На другой же день переселился я к Харитону Андреевичу, и с того же дня Иван Владимирович не только во всё время ученья моего в Московском университете, но и в начале службы моей был мне, мало скажу, другим отцом: будь я сын его, не был бы он и тогда мне лучшим отцом. Он оставил по себе «Записки», и кто не читал их, кто не видал в них, как в зеркале, мужа глубокаго разума, и возвышенной в истинном духе евангельском добродетели?

Курсы далеко ушли в последние четыре месяца истекшаго года; предлежало мне и догнать их и не отставать от них. Большое пособие оказали мне профессора и товарищи; не щадил я и сам себя; жажда во всём успеть снедала меня. К тому же русская словесность была в тот год на очереди к получению золотой и двух серебряных медалий; было до 20-ти соискателей, в том числе и я; и мне, разумеется, не хотелось ударить лицем в грязь. В срок подали мы свои диссертации профессору красноноречия, каждый за своею печатью; так они внесены и в Конференцию, где разсматривались в общем собрании профессоров. Моя по оценке заняла второе место — и первая серебряная медаль мне предназначена.
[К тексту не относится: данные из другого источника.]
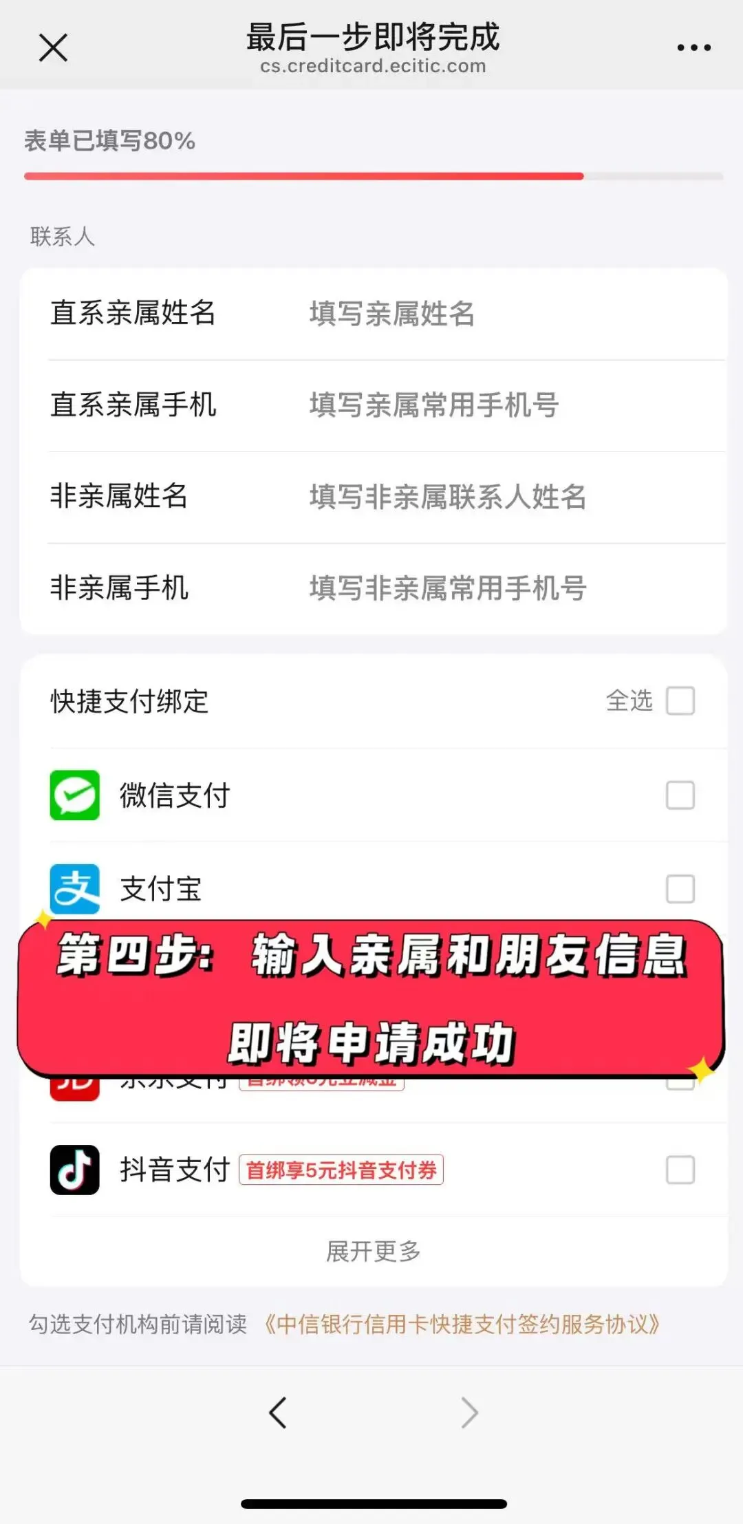 第四步:输入亲属和朋友信息申请成功

В день торжественного университетскаго акта собрание стариков в голубых и красных лентах[536], также и дам, было не малочисленно; говорены речи, одна на латинском, другая на русском языке; читана длинная ода; была и музыка. Затем куратор, знаменитый М. М. Херасков, вышел и стал у подножия императорского трона, и когда инспектор провозгласил имена новопроизведённых студентов, мы вышли на сцену. Куратор сказал нам следующее приветствие: «е. и. в., премудрая наша монархиня, в воздаяние за ваше прилежание и успехи в науках, всемилостивейше изволит жаловать вам офицерские шпаги», — и каждому из нас вручил стальную шпагу. Провозглашены затем таким же порядком имена трёх состязателей медалей, и куратор от её же и. в. вручил нам медали. Поднялись тогда голубые, красные ленты, дамы и все любители просвещения — сонмом к нам, увенчанным, с поздравлением нас с монаршею милостию; от нас все обращались к куратору, ректору и инспектору с изявлением признательности за труды, ими подъятые, в распространении просвещения в империи.
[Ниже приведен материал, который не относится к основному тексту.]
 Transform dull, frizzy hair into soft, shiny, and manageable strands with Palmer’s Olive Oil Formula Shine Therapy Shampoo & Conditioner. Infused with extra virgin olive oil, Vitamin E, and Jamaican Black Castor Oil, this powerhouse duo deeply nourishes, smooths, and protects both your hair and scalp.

На этой, казалось, невинной выставке я в первый раз почувствовал в себе движение какого-то до той поры бездыханного червя (впоследствии с летами и он рос) целого насекомаго, преувертливаго и прелукаваго, с которым долго было мне много хлопот и работы нередко до поту, даже до слёз; а тогда щекотанье этого червяка — самолюбия так мне было по сердцу. Худое и не худое, видно, замертво спало во мне до будильника, до случая.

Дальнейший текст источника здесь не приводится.